La tradizione non è il culto delle ceneri ma la custodia del fuoco. Ed allora scatta l’applauso di fronte all’iniziativa della vulcanica Maria Lodovica Gullino che ha voluto far nascere a Torino il primo Festival internazionale dell’agricoltura che si svolgerà dal 31 marzo al 2 aprile. ColtivaTo sarà il nome ufficiale che, in nome della custodia del fuoco, garantirà a Torino un nuovo ruolo, dopo la squallida fine del primato nel settore automobilistico. Senza dimenticare che, tra pochi giorni, inizierà anche il Salone del Vino, sino ad ora piuttosto sotto tono quanto a promozione.
Il festival dell’agricoltura nasce dalla consapevolezza di ospitare, alle porte della capitale subalpina, un centro di eccellenza internazionale come Agroinnova. Ma, ovviamente, si punta a coinvolgere l’intero territorio poiché la visione deve essere appunto internazionale. Perché, giustamente, gli organizzatori fanno notare che un normale cittadino, se deve scegliere un dentista, si rivolge a chi utilizza strumenti d’avanguardia e non i vecchi e dolorosi metodi del passato. Ma, sul cibo, si tende a guardare sempre al piccolo mondo antico.

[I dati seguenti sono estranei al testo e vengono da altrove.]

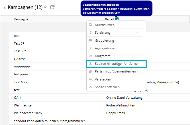 Anzuzeigende Spalten bearbeiten
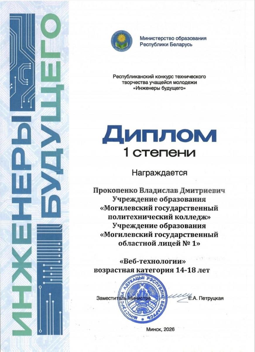 УО"Могилевский государственный политехнический колледж" Министерством образования Республики Беларусь.
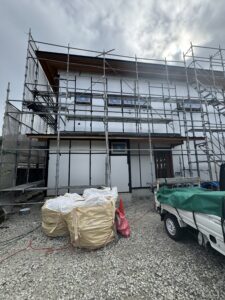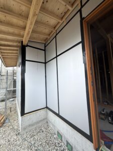 建物の外側から見ると断熱材で建物が覆われているのがわかります。
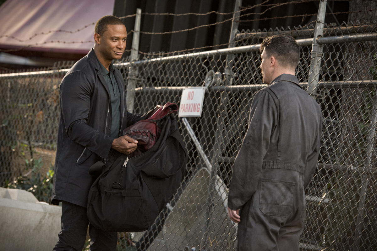 Arrow -- "Prochnost" -- Image Number: AR805B_0261b.jpg -- Pictured (L-R): David Ramsey as John Diggle/Spartan and Colton Haynes as Roy Harper -- Photo: Dean Buscher/The CW -- © 2019 The CW Network, LLC. All Rights Reserved.
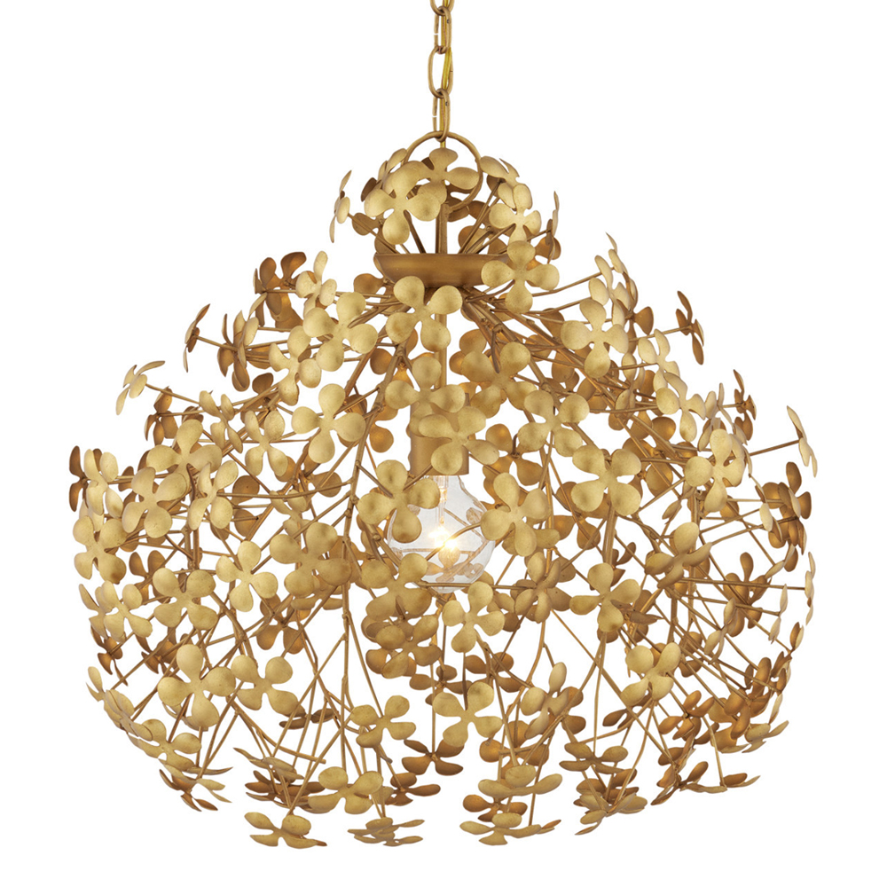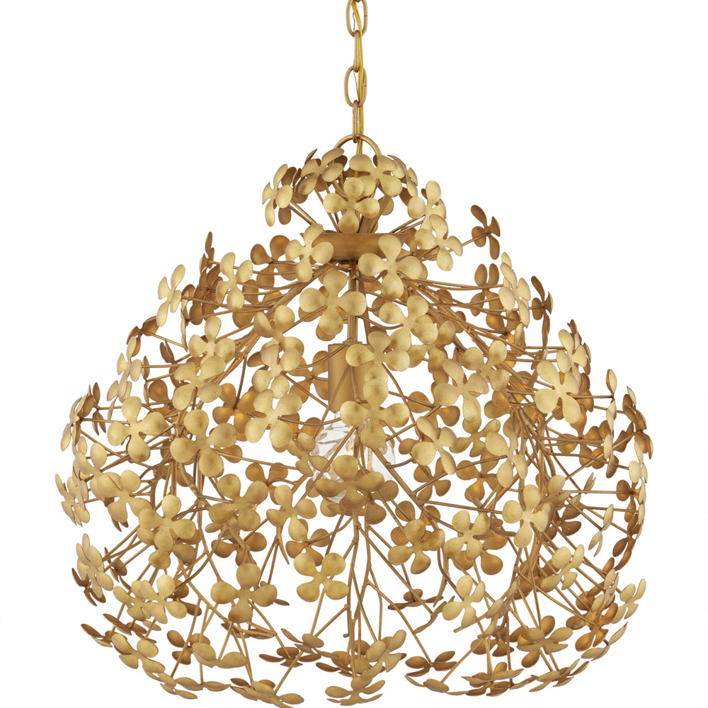 Подвесной светильник золотой с декором в виде лепестков клевера Hanging Clover
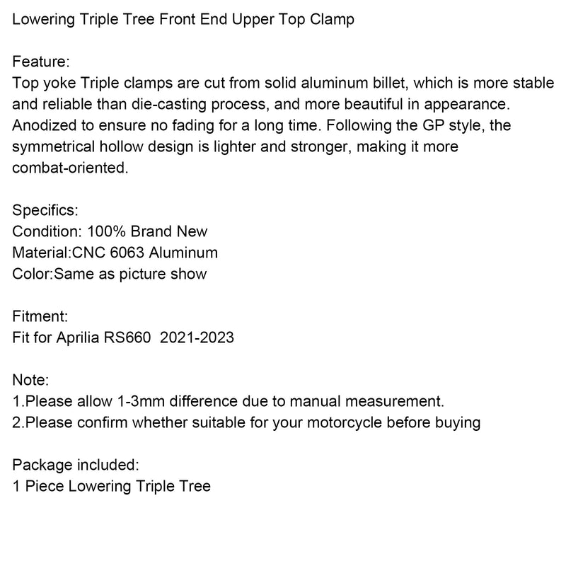 Lowering Triple Tree Front End Upper Top Clamp Fit for 2021-2023 Aprilia RS660
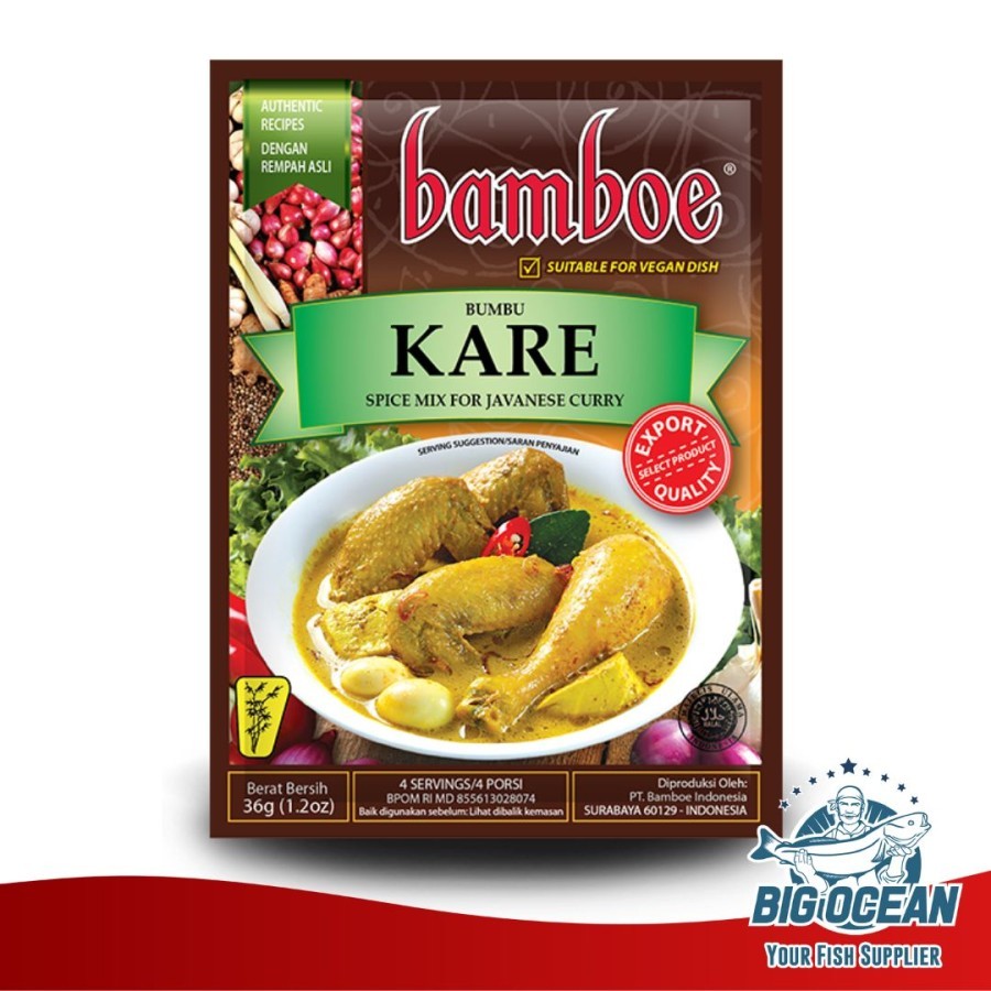 Bamboe Kare adalah bumbu instan yang praktis untuk membantu memasak Kare. Bumbu ini diolah menggunakan bahan-bahan pilihan yang berkualitas untuk menghasilkan hidangan Kare yang lezat. Cocok untuk membuat Kare dari berbagai bahan daging, seperti ayam ikan. 1 sachet bumbu instan ini memiliki berat 35 gram dan dapat digunakan untuk memasak 4 porsi makan.
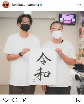山名は「幕張の空き時間『令和』書いた。石井くんに見てもらった」と、達筆な字で「令和」と書いた紙を、お笑いコンビ「コマンダンテ」の石井輝明(36)と一緒に持った写真を投稿した。
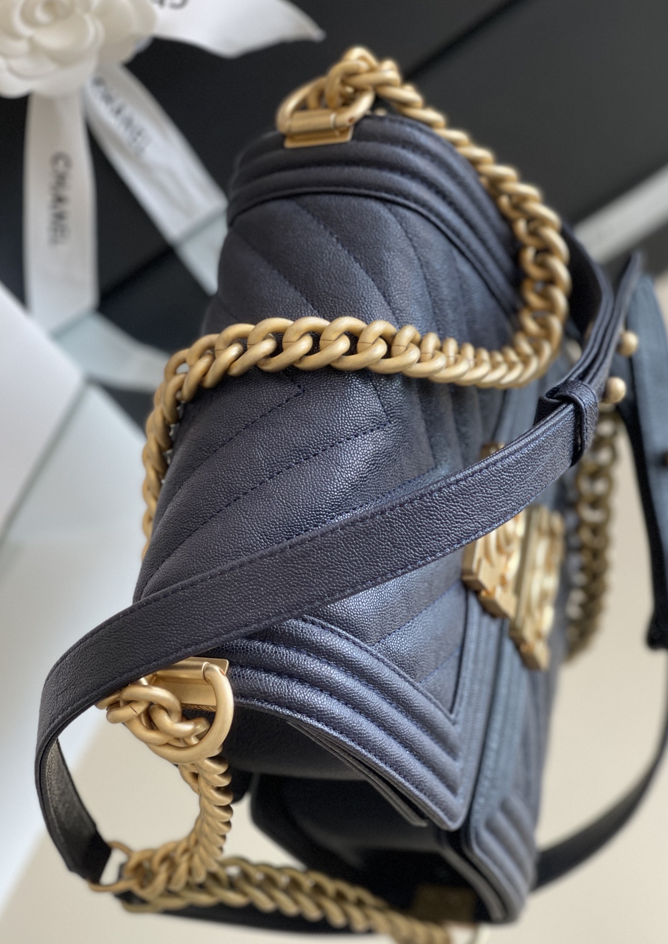 这款包包是AAAAA 1:1 质量 (非常棒). 使用了和原版一模一样的材料. 商标部分也保持了和香奈儿/Chanel一样. 图片拍摄是实物包包拍摄, 您所收到的实物保证和我们图片一模一样.
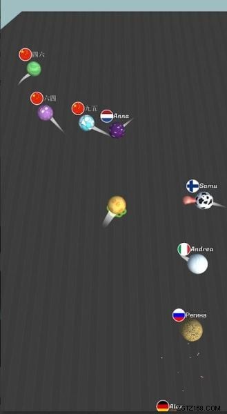 – 同じプレーヤーに何度も何度も跳ね返って、彼を追い出します。それらが大きい場合、これはさらにうまく機能します。自分のボールを他のプレーヤーのボールに押し込み、ボールを 1 か所に固定します。これにより、彼らが逃げるのがかなり難しくなり、最終的には死ぬかもしれません.
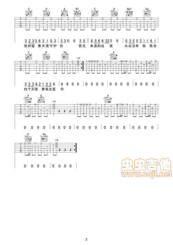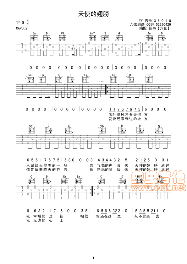 曲谱介绍: 《天使的翅膀》吉他弹唱谱,共有2张高清图谱,免翻页排版设计。
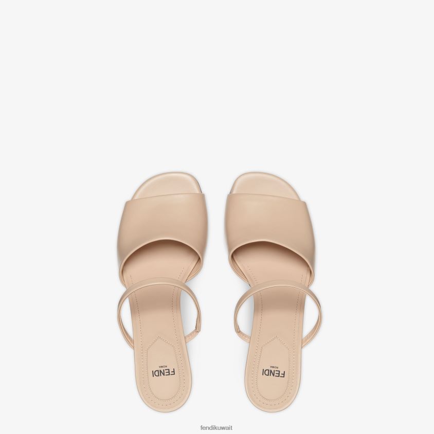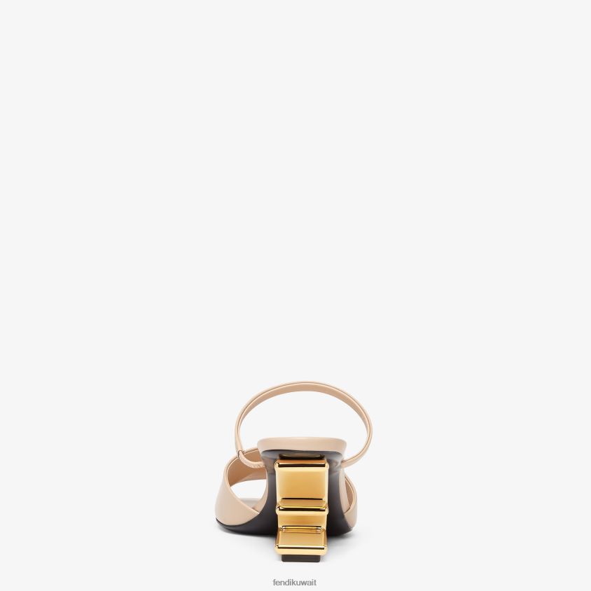 Fendi اللون البيج نحيف الصنادل الجلدية ذات الكعب المتوسط RTJZ1371 أحذية

Dunque il festival servirà a far conoscere il cambiamento dell’agricoltura. Le nuove tecniche, le nuove tendenze, i nuovi problemi, le nuove sfide. Dal cambiamento climatico alla sostenibilità, dalle nuove tecnologie ai nuovi mercati.
Tutto giusto, tutto bello. A patto, però, di ricordare che il cibo non è solo coltura ma anche cultura. Ed imporre – imporre, non proporre – nuovi stili alimentari significa voler scientemente distruggere le culture che non rispondono al politicamente corretto ed al pensiero unico obbligatorio. Non bastano le mozioni della senatrice Paola Ambrogio, in difesa del cibo del territorio, per contrastare una piderosa macchina da guerra dei sostenitori della carne sintetica o di simili amenità.
La presenza, tra i relatori, di Elsa Fornero non induce all’ottimismo. E la collaborazione con la “Biennale democrazia (a senso unico)” è fonte di ulteriori preoccupazioni. Se l’agricoltura del futuro deve essere basata sullo sfruttamento della manodopera, possibilmente immigrata, sulla produzione di vermi e grilli, sul controllo delle terre da parte di poche multinazionali, allora diventa sacrosanto il rimpianto del “buon tempo antico”. Che non sarà stato proprio buono e neppure bello, ma rispetto al mondo che piace a Fornero ed alle multinazionali era semplicemente un capolavoro.